Эта скудость чувства и уменья сделать что-либо лучшее так ужасна, что и человек, свободный от давлений славянофильского романтизма, невольно обращает свою мысль к простонародной среде и с отрадою говорит себе:
— Да, слава богу, там это лучше.
В самом деле, как это в простонародье? Там, когда узнают о тяжело заболевшем знакомом, идут не только «узнавать» о переменах в его здоровье, но идут «послужить» ему. Люди приходят переночевать, сменить усталых родственников, ухаживать вместо них за больным или идут вместо них «поработаться» во дворе, чтобы тем «развязать руки». Или приходящие приносят чего-нибудь «боли» (то есть болящему) — капустки, огурчиков, кашки… «С пустыми руками», без готовности помочь прийти неловко. Нужды нет — хорошо ли, то есть полезно ли и пригодно ли то, что приносят больному, но это приношение, во всяком случае, выражает истинное, а не этикетное «усердие», а истинное усердие и помощь в эту пору нужны. Усердие отбросает снег, оно наколет дров, оно уберет скотину, сбегает на ключ за водою — оно же потом обмоет и в гроб положит тело умершего и снесет гроб на кладбище. В селах гробов на заказ не делают и могил наймом не копают, а все это делают из участия, по любви к живым и «по усердию к умершему». Словом, в простонародье еще до сих пор многое при смерти ближних облегчается усердием знакомых. Иначе нельзя: «сами помирать будем». Прийти переночевать, «послужить», принести больному то, что можно отнять у себя самого лучшего, это все еще пока остается в русском народе, и этого нельзя не назвать прекрасным; к этому нельзя не отнестись без уважения; об этом нельзя не вспомнить без сожаления, что это совсем не так в других слоях общества, где более образованности и просвещения. В «обществе» все это вывелось и осталось одно: «приказали узнать о здоровье», да потом — панихида… А на панихиде миганье о картах, как изображено графом Толстым на панихиде Ивана Ильича.

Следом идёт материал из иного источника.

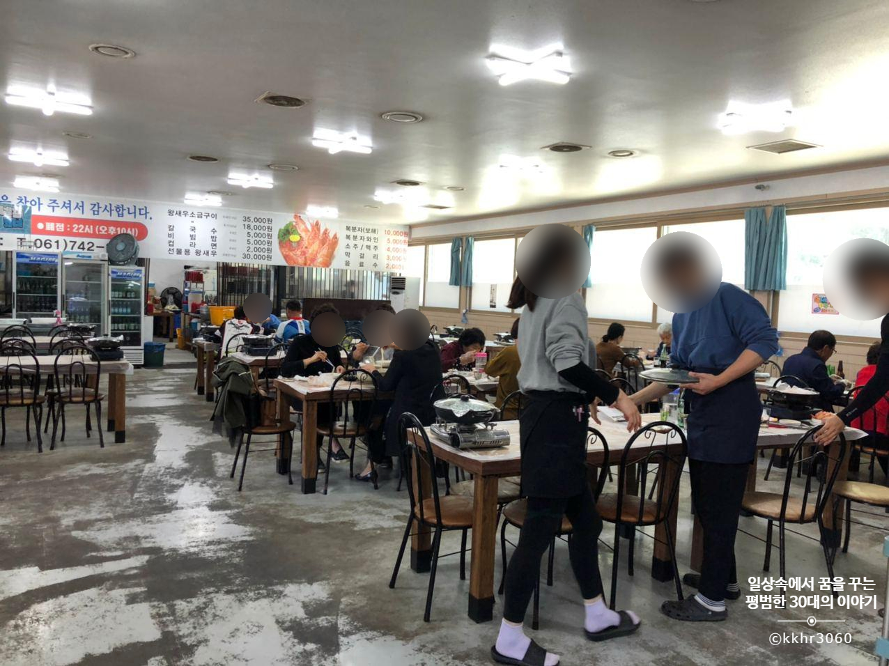 굳이 순천까지 와서 갈 곳은 아니다 싶다.(여행객 입장에서는 지역 특색이 묻어나는 음식은 아니므로) 우리는 새우 제철인 이 시기에 새우가 먹고 싶었을 뿐이고 마침 우리가 여행 중인 지역 사진작가님이 추천해 준 곳이 새우구이 식당이어서 가게 되었다. 순천에 살고 있다면 새우구이 먹으러 종종 갔을 것 같다.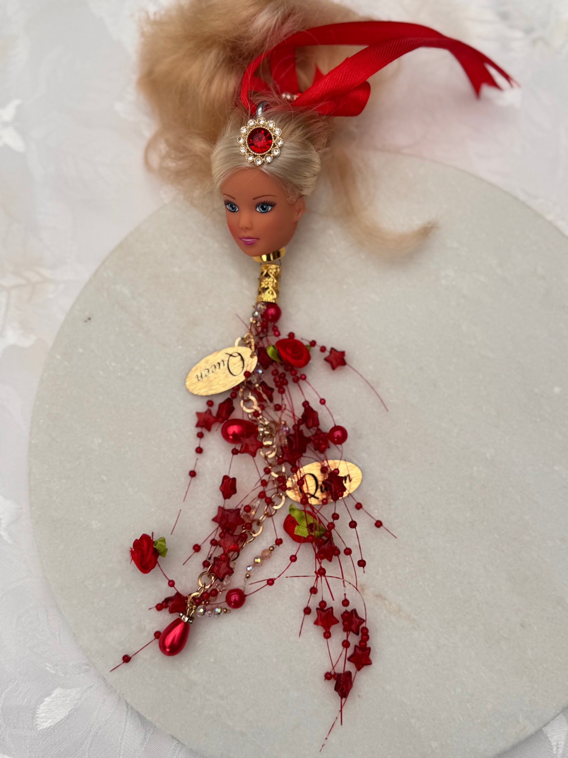 Gi juletreet ditt litt glamour og gøy med vår unike julekule laget av hodet til en vintage Barbiedukke! Hver kule er håndlaget og pyntet med luksuriøse stener, diamanter og glitrende vintage smykker – ingen er like, akkurat som julemagien selv.

Даже такая сильная проповедь тленности, как лежащий в гробу охолодевший труп знакомого человека, не в силах возвысить его приятелей хотя бы до кратковременного, но серьезного раздумья о быстротечности жизни и о неизбежности скоро идти «вслед всея земли». А раздумье это, кажется, естественно, и оно, несомненно, полезно для человека, ибо хоть на время делает его менее суетным и самолюбивым, менее алчным и злым, более склонным простить свои обиды и примириться с несправедливостью, которая «скоро пройдет».
В простонародье все это есть, хоть понемножку. Так, вы видите у присутствующих серьезные, задумчивые вздохи, слышите нередко замечания о суете и осуждение ей в себе самом.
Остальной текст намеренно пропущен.